The lecture, accompanied by some striking visuals in a slide show, had clearly grown out of Dame Marina's recent work on fairy tale, particularly the Thousand and One Nights. She made the point that prophecy, in its widest sense, dominates discourse: markets deal in futures, reporters and experts speculate on what happens next, rather than accounting for what has happened, and so on. She linked this to the presence of prophecy in art and literature, in a very wide-ranging talk that took in Shakespeare (particularly The Winter's Tale), the carvings of Amiens cathedral, the Mabinogion, Kafka, Judith and Holofernes, and the Qalendars' tales in the Arabian Nights, among many other topics.
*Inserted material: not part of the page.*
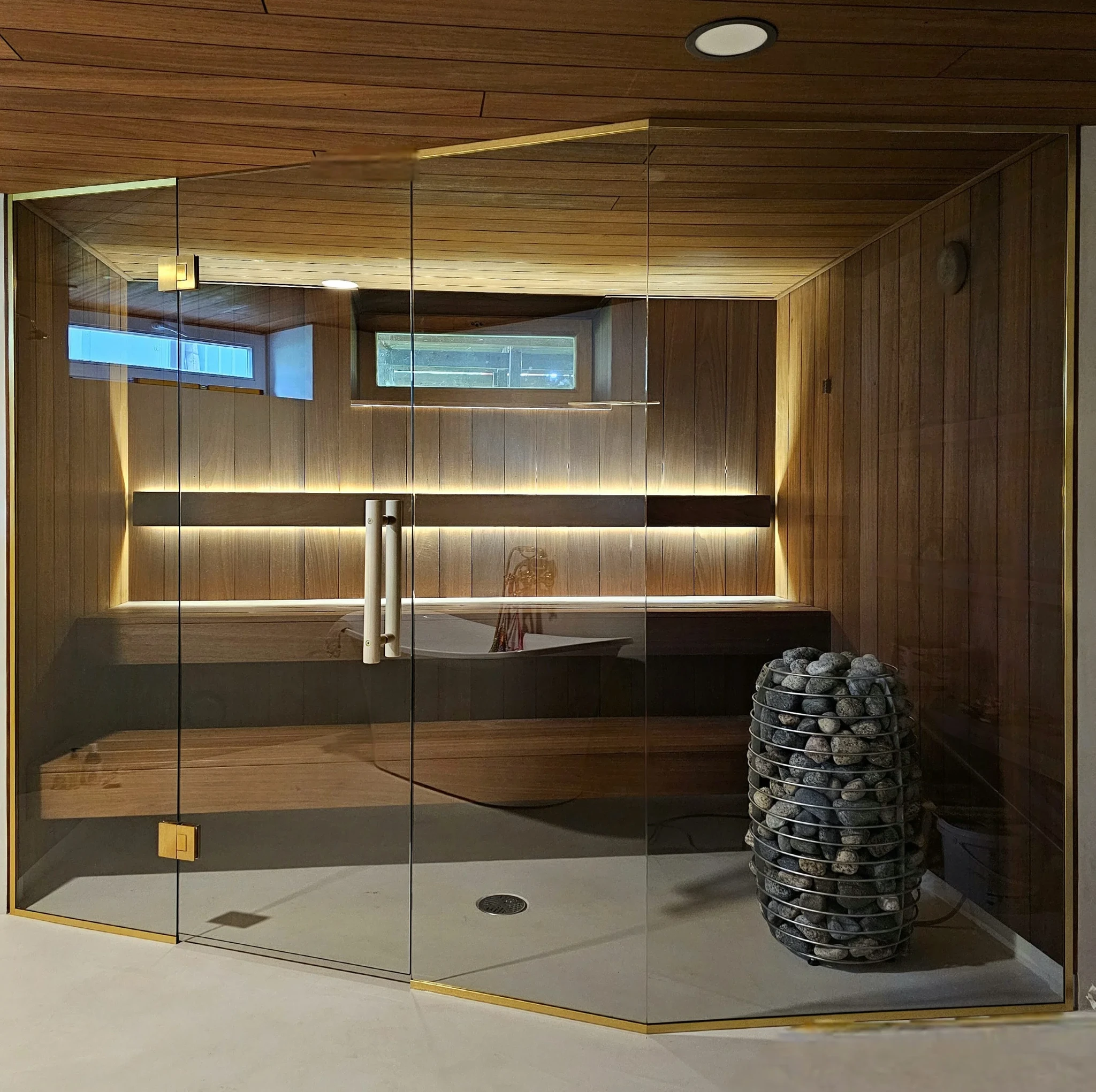 Glass sauna doors and walls are suitable for various sauna types – wood-burning, steam, and infrared saunas. Our selection includes various glass types, including gray, bronze-tinted, and frosted glass. Tinted glass adds coziness and increases privacy.

As well as exploring the role of "what will be" in these texts and artefacts, she looked at how that tradition manifests itself in contemporary world literature. The novels she chose were by writers who had been considered for the International Booker Prize, whose panel she chaired last year. All, shamefully, were new to me - more titles for the TBR pile.   Mabanckou's  Memoirs of a Porcupine sounded intriguing, maybe an African Rushdie; Ibrahim al-Koni' s Gold Dust deals with universal themes in a desert setting; Gamal al-Ghitani's  Zayni Barakat uses the fictional biography of a historical figure to make political points about recent Egyptian politics; Radwa Ashour's Siraaj  is an Arabic take on sub-Daharan African geopolitics;  and the Hungarian novelist László Krasznahorkai's novel The Melancholy of Resistance seems like an extraordinary tour-de-force from Dame Marina's description on the Man Booker prize site.

So, much food for thought, expressed in clear and crisp sentences that engaged the listener without attempting to baffle with jargon. Marina Warner is a genuine public intellectual. We need more like her.